Велик соблазн обратить всё действие «Дорогой» в одну большую общеевропейскую метафору всего, что там в Европе сейчас происходит (и Дмитрий слегка подталкивает к этому в эпизодах с виртуальной «матрицей»), как, допустим, сюжет «Лолиты» можно истолковать как отношения дряхлой Европы-Гумберта, трахающей молодую невинную Америку-Долорес. Но Петровский даже не попадается на извечный крючок обслюнявливания русской ментальности и противопоставления её европейской, и там и там люди уже все одинаковые - эгоистичные одиночки с минимумом навыков выживания. Он противопоставляет их другой биомассе, гораздо более живучей. Действие отрезвина заканчивается. Пора закругляться. «Дорогая, я дома» - шикарный сложновыстроенный и детально продуманный роман. О судьбах сонной обеспеченной Европы, которую, кажется, в один день просто смоет дождём. О том, как время трансформирует желания в патологии. О тайных подвалах, что есть у каждого, и о том, что в этих подвалах таится. Не прозевайте.
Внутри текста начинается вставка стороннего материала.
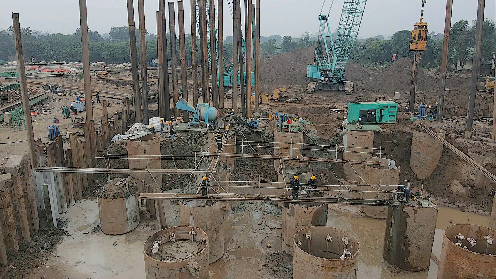 Cọc khoan nhồi cỡ lớn đang được nhà thầu thi công.

- Я ехала в Мюнхен к родственникам, по дороге меня обокрали, я осталась без билетов, без денег, у меня в Мюнхене больная мама, - завела цыганка свою пластинку. - Старый богатый человек хотел спать со мной, но я отказалась - помогите чем сможете, двадцать центов, тридцать центов... - Почему? - спросила я, и цыганка сбилась, не готовая к вопросу, и замолчала. - Почему ты не хотела спать с ним? - спросила я.